Gabrielle opened her mouth very wide; once again, the stupid oaf that was the 'so called' warrior princess had ruined her punch line. Not knowing what else to do, the traveling bard sat on the nearest rock, thanked the gods that her feet had a chance to rest, spit out a fly, closed her mouth, and tried out a new tale on the nearest tree. "There once was this stupid woman named Xena. She went out and saved people and was called a quote-unquote 'hero.' But this woman was nothing but a stupid woman, who left her friend by the side of the road to talk to a tree…." The bard paused an appropriate amount of time, and then demanded of the tree, "WELL? What did you think!?"

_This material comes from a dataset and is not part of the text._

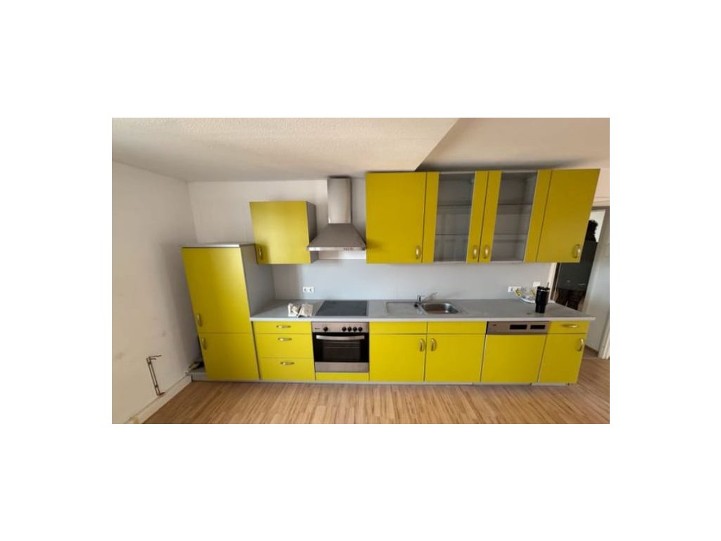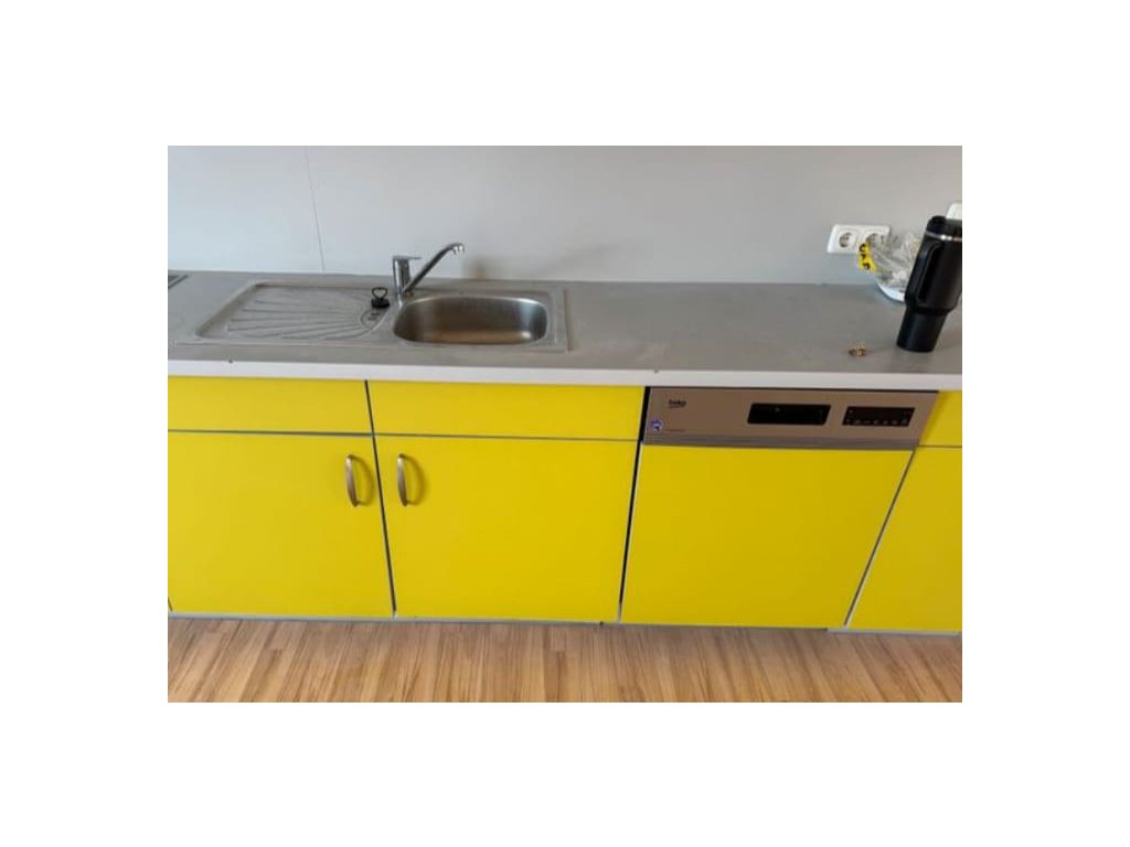 Nabízím k prodeji moderní žlutou kuchyňskou linku s vestavěnými spotřebiči.

Xena pulled Argo to the side of a clearing, securely tied the horse to a waiting tree, took a deep breath, and used all her super-warrior-woman strength to bellow, "ARES!"

In a brilliant, if blinding, flash of blue light, the god of war appeared. He looked sheepish, if not downright frightened at what could have caused his love to yell with such force, "You called, my princess?"

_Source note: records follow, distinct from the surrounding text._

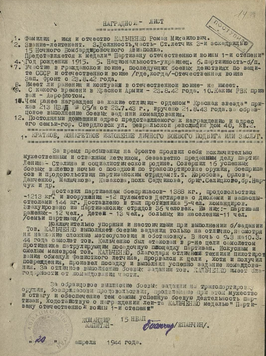Опубликовано: 23 октября Тоже дополню. 20.04.44 г. лейтенант Кальченко Роман Михайлович был представлен к награждению медалью «Партизану Отечественной войны» I-й степени: 1 Упомянуть пользователя Поделиться сообщением Ссылка на сообщение Поделиться на других сайтах
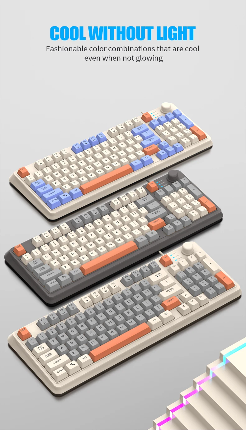 Illuminate your typing with the XUNFOX K82's multicolor backlight, enhancing both style and visibility in any setting.
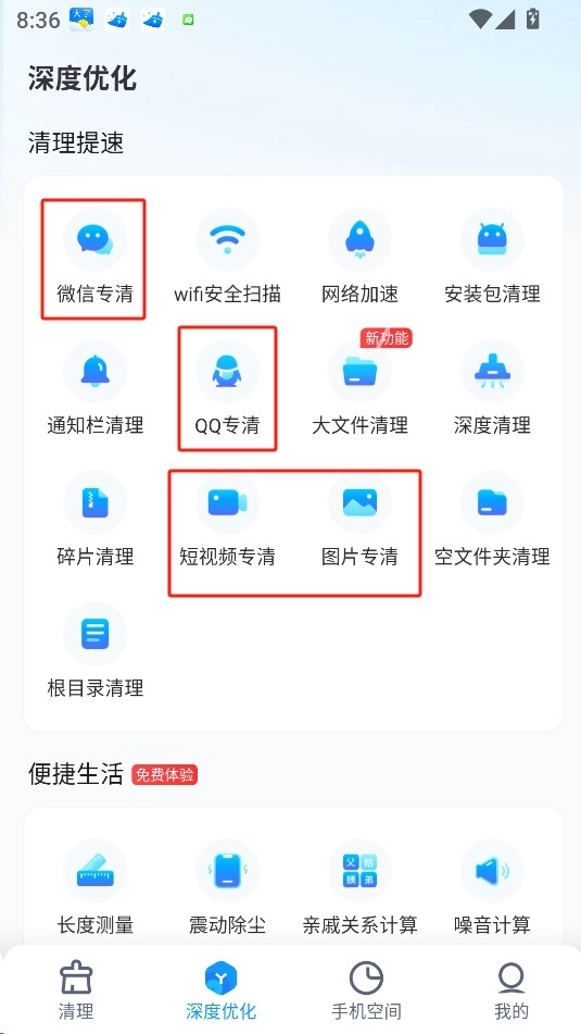 还能对手机进行深度优化,提供微信专清、QQ专清以及短视频清理功能,既精准又高效。
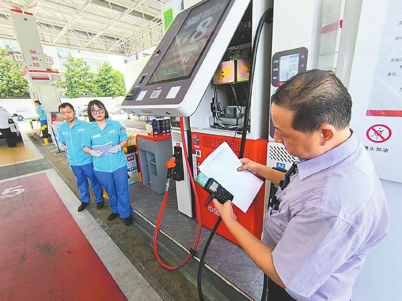 工作人员正在检查加油站设备。 新华社发(陈瑶 摄)
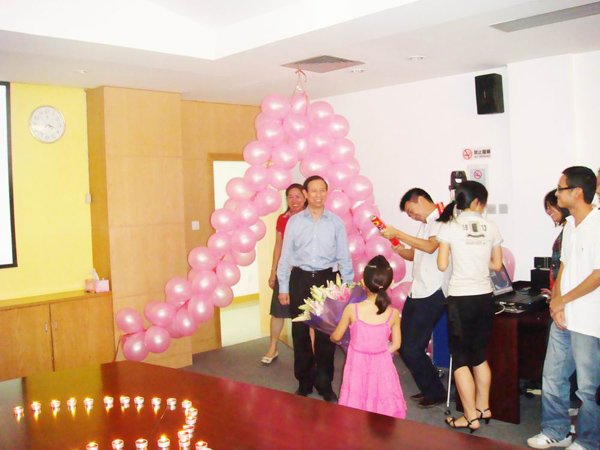 在溫情的八月迎來了華遠集團創(chuàng)始人嚴(yán)文亮先生的生日,華遠集團員工自發(fā)為嚴(yán)總舉辦了一個神秘而又驚喜的生日Party。粉色的氣球、雙心相交的生日蠟燭、醇香的美酒、誘人的蛋糕,點燃了現(xiàn)場的氣氛也傳遞出了參與者的喜悅。在舉杯共慶之時大家道出了自己內(nèi)心最真誠的祝福。8月份過生日的員工,幸運地同嚴(yán)總共同分享這份溫馨與快樂,并合影留念。
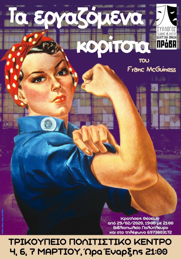Ο Σύλλογος Τέχνης & Λόγου Θεατρική Ομάδα «Πρόβα» Ιεράς Πόλεως Μεσολογγίου θα παρουσιάσει στο Τρικούπειο Πολιτιστικό Κέντρο στις 4,6,7 Μαρτίου και ώρα 21.00 το έργο του Frank Mc Guiness «Τα εργαζόμενα Κορίτσια».
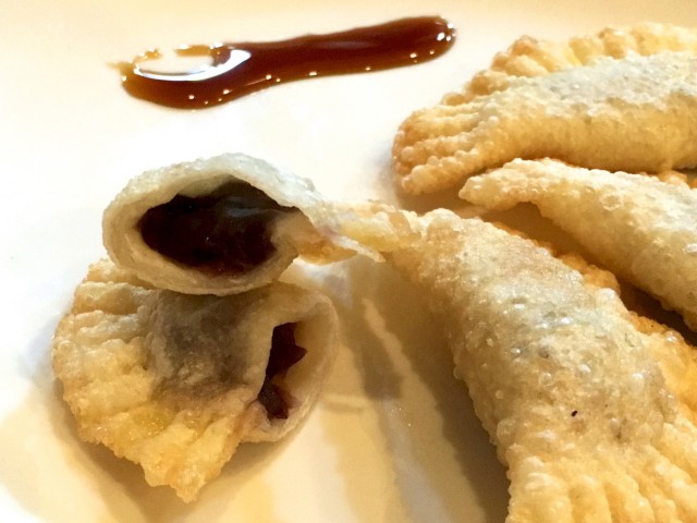 「お待たせしました。『バタあんこ揚げ餃子』です。黒蜜で食べてください」
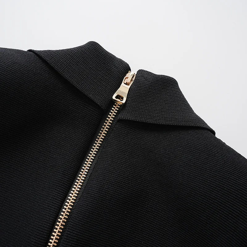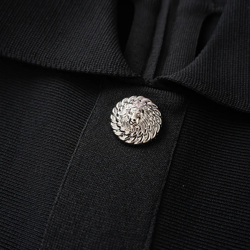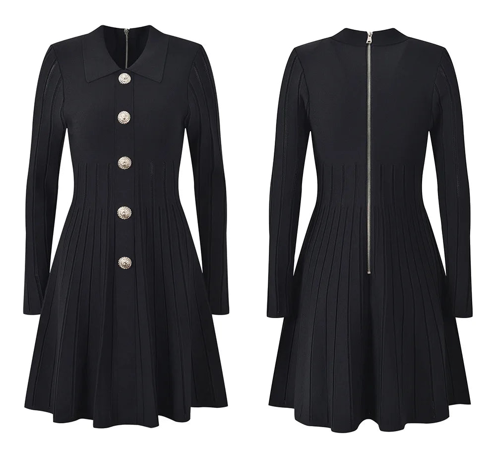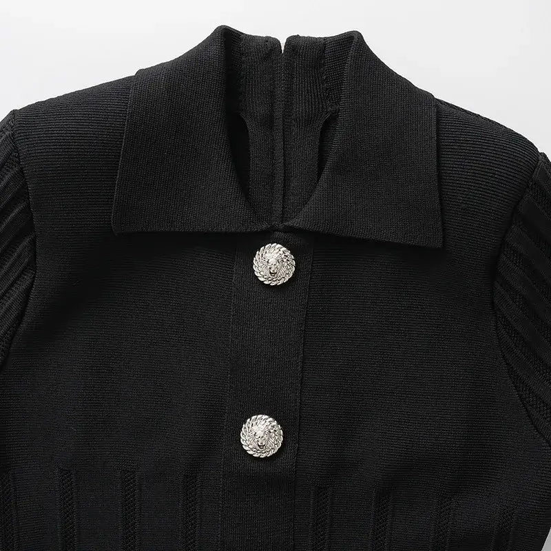 Women’s Lapel Beaded Button Short-sleeved Jumpsuit - Long sleeve black / S
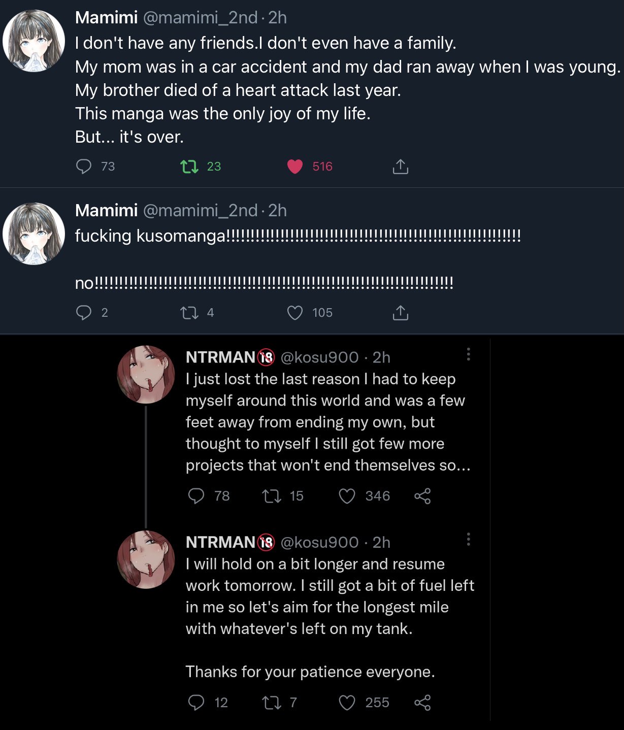 >>730697261both are big ntr artistsits just to show that most of them are mentally ill and/or close to suiciderecently sora (another big ntr artist) posted that he is now in the hospital due to several reasons
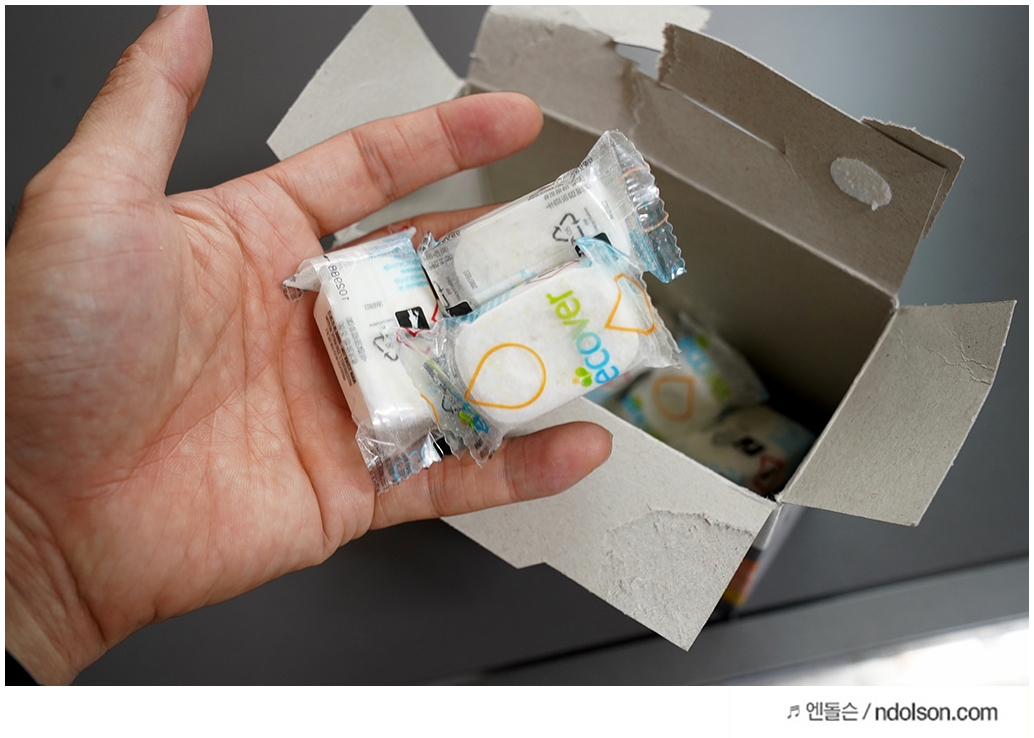 작은 비누 같이 생겼는데요. 올인원이라 세제와 린스가 같이 있습니다. 장점은 편하다. 단점은 상대적으로 비싸다는 것입니다.

Xena fixed her own, patented, warrior princess glare of utter death on the war god. "Ewww, I thought I told you not to call me that. It makes people think you're my DAD or something icky. Nasty minds people have."

Ares shrugged, looked up and –finding no angry mobs in sight- let out the breath he had been holding. The confident swagger returned to his steps as Ares strode up to his girlfriend and pulled her close for a kiss. "Sorry, my… queen…"

Xena sighed contentedly. There were two things she absolutely loved about dating the god of war: 1) he was sexy and an oh-so-great kisser, and 2) angry villages didn't care that she had slaughtered their husbands once she told them that she could make the god of war do flips… literally. Pausing her mental train of thought to examine how she had gotten so off topic, the warrior princess forgot to explain why she had called her war god.

For his part, Ares was trying to be patient; he had to be, with Xena. However, being able to read the famous warrior like a book did have its advantages, and the god of war could tell when her eyes glazed over that she was off track. Not wanting to lose any of his charm by stamping his foot and demanding that she tell him why he was there, Ares settled for calmly asking, "Was there something you wanted, Xena?"

Managing to look utterly placid while ransacking your mind to what you had been thinking about was not an easy achievement, but one that Xena prided herself in. So, it was no wonder that Ares couldn't tell she was coming up with a blank, or that Xena wasn't replying because she didn't have an answer, not to make him wait. Sliding closer to her boyfriend, godfriend, whatever, the answer finally dawned on Xena and she asked, "If I happened to kill, oh I don't know, somebody, could I claim insanity by reason of being talked to death?"

Raising an eyebrow, Ares thought deeply on this confusing question. While he thought, he stood there, perfectly still, and could have stayed that way for millennium. However, a certain warrior princess was not patient enough to wait that long, and so she snapped her fingers in front of the god of war's eyes. Snapped out of his thoughts, Ares couldn't help but shrug. "I think, you could claim reason of insanity by reason of being talked to insanity… but I don't think talked to death would work."

Now it was Xena's turn to raise an eyebrow in disbelief, "I called you down here for THAT? Gods, Ares, I could have figured that out!" Sighing deeply, Xena stepped away from the god of war without a goodbye kiss and moved to untie Argo so she could go back to the frustrating bard she had left… somewhere.

Ares also shrugged, before disappearing, his disembodied voice echoing through the now empty clearing. "What do you want from me; I'm a war strategist, not a lawyer."

Suddenly Xena spun around angrily, "Son of a banshee! Where's my goodbye kiss?!"